CNN had a comic named Mo Rocca roaming the floor at the Democratic convention this week, mocking it. It wasn’t exactly Mission Impossible. These events send themselves up. Political parties are inherently stupid, shallow institutions and it’s never clearer than at conventions. I saw concert pianist Anton Kuerti, who has recorded all Beethoven’s sonatas, at the PC convention last year. He was standing on a chair screeching the name David (Orchard), and pumping a sign. And he’s an NDPer; he’s even run for them.

Party members themselves spend much time griping about how useless or gutless their parties are. Many Democrats say John Kerry sounds too much like George Bush. Ontario Tories say Ernie Eves sold out the Harris legacy. NDPers fret habitually about deserting socialism. The old Reformers in the new Conservative Party worry it will toss out their social conservatism, the ex-PCers fear the same on the other side. Everyone worries that their party has given up or will give up its principles, just to attain power.

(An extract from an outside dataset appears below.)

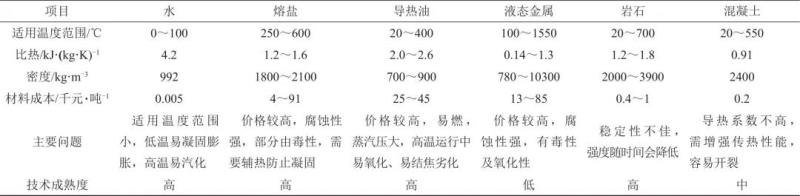 根據(jù)儲熱材料的相態(tài),常用的顯熱儲熱技術可以分為液體儲熱材料和固體儲熱材料。常見的液體儲熱材料包括水、熔鹽、導熱油、液態(tài)金屬等,固體儲熱材料包括巖石、復合混凝土等。不同顯熱儲熱材料特點見表1[4,5,6]。其中,水、導熱油、巖石、混凝土等是最常見的低溫(<120 ℃)顯熱儲熱材料,導熱油、熔鹽、巖石、混凝土等也是常見的中高溫(120~600 ℃)顯熱儲熱材料,巖石和液態(tài)金屬也是超高溫(≥600 ℃)顯熱儲熱材料,但是液態(tài)金屬技術尚不成熟,處于研究階段。
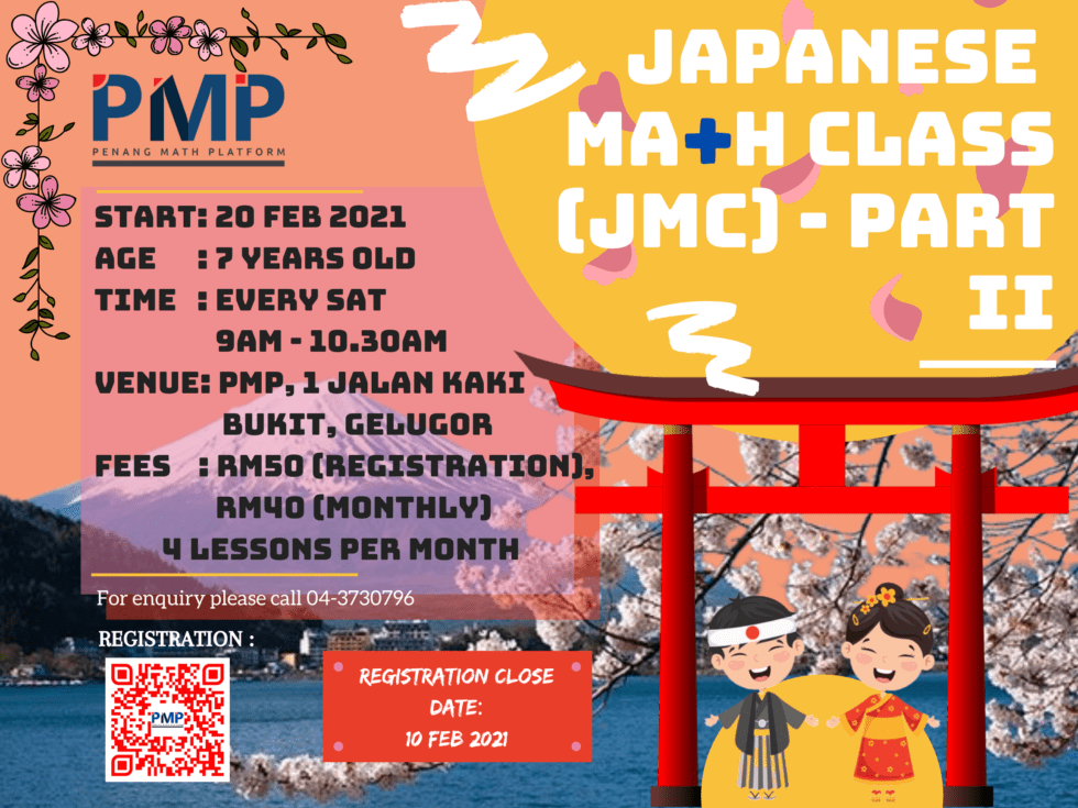 (Basic to advance Math tutorial for national syllabus, Singapore Math, Mental Arithmetric, and others). Flagship Japanese Math Class for pre-schoolers (6 years) to build entry level foundation for math appreciation and inter-personal communication.

I include myself as a lifelong mocker. In first-year poli sci, after a lecture on parties, I asked: “Who joins these stupid things?” It infuriated me when the Chrétien Liberals morphed into Mulroney Tories by blithely embracing the free-trade deals they had denounced. But can parties really be so stupid and laughable? It’s too easy, it makes me uneasy. Might they be furtively serving some useful democratic purposes?

Well, to govern, those wanting power must claim to represent their whole country or society. If not, they will lack the minimal legitimacy that prevents things from breaking down due to small-scale surliness, like refusal to pay taxes. Whether you think national societies are a good or bad thing is irrelevant. Most people believe in them and they remain the basis of all political systems.

Old-style parties, with their windy, hypocritical claims to represent the nation — think of all the gas in Boston about what America is — at least make the claim. Parties that claim less, including those founded on deep ideals, such as the Bloc Québécois or the old Communist Party, can represent a region or a class. But they can never govern because they do not claim to represent their whole society. The Bloc would be embarrassed if it won the most seats in an election and was asked to form a government.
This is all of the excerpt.